To sum up, the results indicate that there is less evidence of spillover transmissions among the region’s markets after the establishment of SAFE, but the markets benefit from the higher average stock returns and the improvement in market efficiency. There is no return spillover and less shock and volatility spillovers in the second sub-period; further, only Indian and Sri Lankan market returns can be predicted by past returns in the second sub-period, while all markets are weak form inefficient in the first sub-period. Comparing the last two sub-periods, it is apparent that the return and shock transmissions become stronger during the global economic recession, suggesting some contagion within the region. These results are in agreement with most previous studies that find higher volatility spillovers after a crisis period (Wang et al. 2005; Nikkinen et al. 2008) and document greater linkages among emerging markets after crisis events (Yang et al. 2003; Click and Plummer 2005; Meric et al. 2008). Another major finding is that the patterns of return, shock and volatility transmissions are different and they change from period to period. In particular, the role of each market in the transmission varies with the period analysed. Moreover, the role of the Indian market becomes more prominent in the last sub-period. The increasing role of the Indian market in return and risk spillovers in the last period compared to the second period may also be due to the relatively greater development of the Indian financial market.

6 Conclusion

This paper investigates return and volatility spillover effects between the four emerging stock markets of Bangladesh, India, Pakistan and Sri Lanka. Evidence of linkages in terms of both return and volatility are found after employing a cointegration test and the MGARCH-BEKK model to weekly stock market returns.

The result from the cointegration test indicates that there is a long-run relationship between these four markets over the period 1993–2015. The estimates of MGARCH-BEKK model for three different periods highlight the change in the pattern of return and risk transmissions among the region’s markets. After the establishment of SAFE, the markets benefit from the higher average stock returns and the improvement in market efficiency with less risk spillovers. However, with the integration of trading systems among the SAFE’s member countries, each market has greater exposure to external shocks from the other markets within the region.

It is evident that the importance of return spillovers becomes more pronounced for India after the establishment of SAFE and the global economic boom. The role of BDSE in shock spillovers changes from being a risk spreader in the first sub-period and an intermediary in the second sub-period to being a risk recipient in the last sub-period. For volatility spillover, the position of risk spreader changes from the SLSE in the first period to the BDSE in the second period and to the INSE in the third period.
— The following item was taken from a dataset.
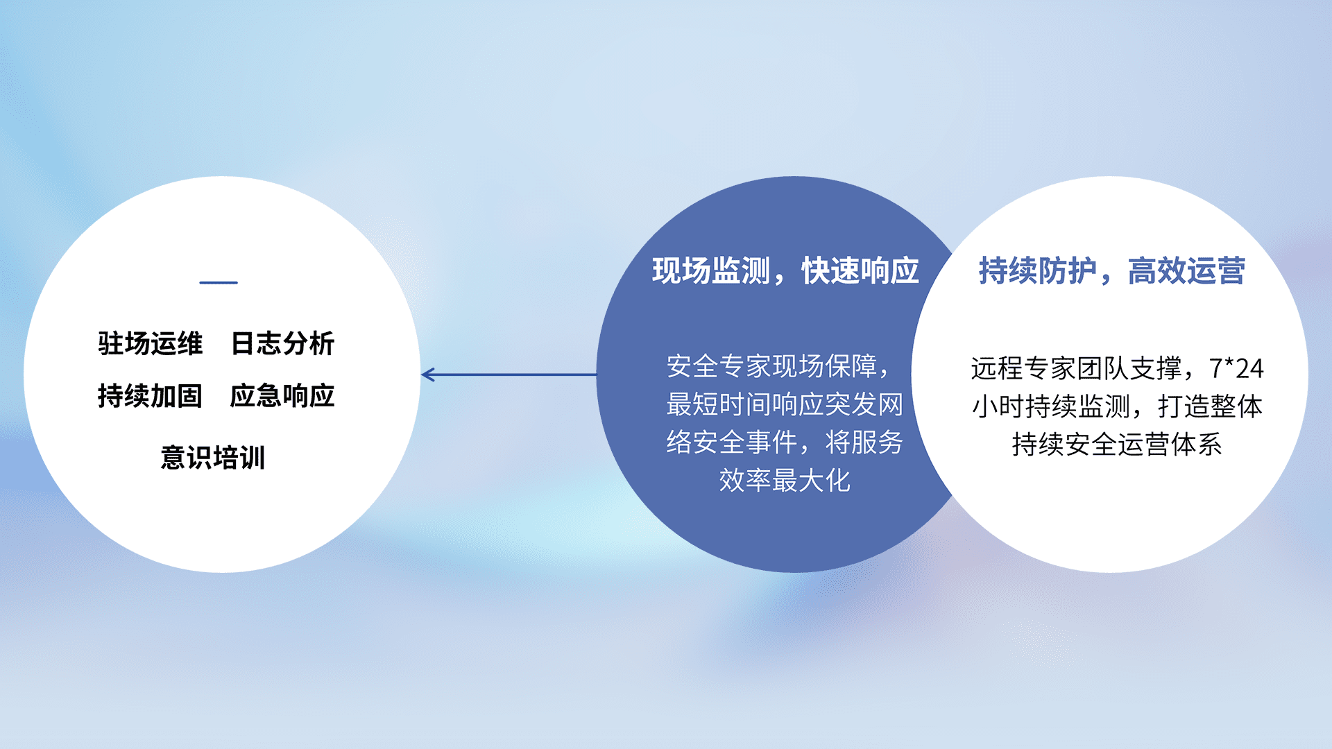 针对客户行业特性,,,提供专属的一站式安全管理服务,,帮助客户全面感知网络空间威胁,,,,通过安全专家的线上、、线下防护支持,,,实现风险闭环,,,,将安全保障常态化,,,为客户打造常态化安全运维运营服务。。。。

International portfolio diversification has grown in popularity over the recent past, and foreign investors invest in various emerging stock markets around the globe in order to reduce risk. This paper uncovers evidence of transmission among South Asian stock markets and shows that stock markets in this region interact with each other in terms of return and volatility. In particular, share price changes can be predicted from historical share price movements in the region; hence, the markets in the region violate the weak form of the EMH. In addition, information transmits from the relatively larger markets of India and Pakistan and spreads to the smaller markets mainly via volatility rather than return spillovers, especially in the period after the establishment of SAFE no matter whether the global market faces an economic boom or crisis. The findings have implications for potential foreign investors investing in the region in terms of benefits from diversification; the impact of ‘news’ on one stock market can spread to other markets in the region through their interdependence.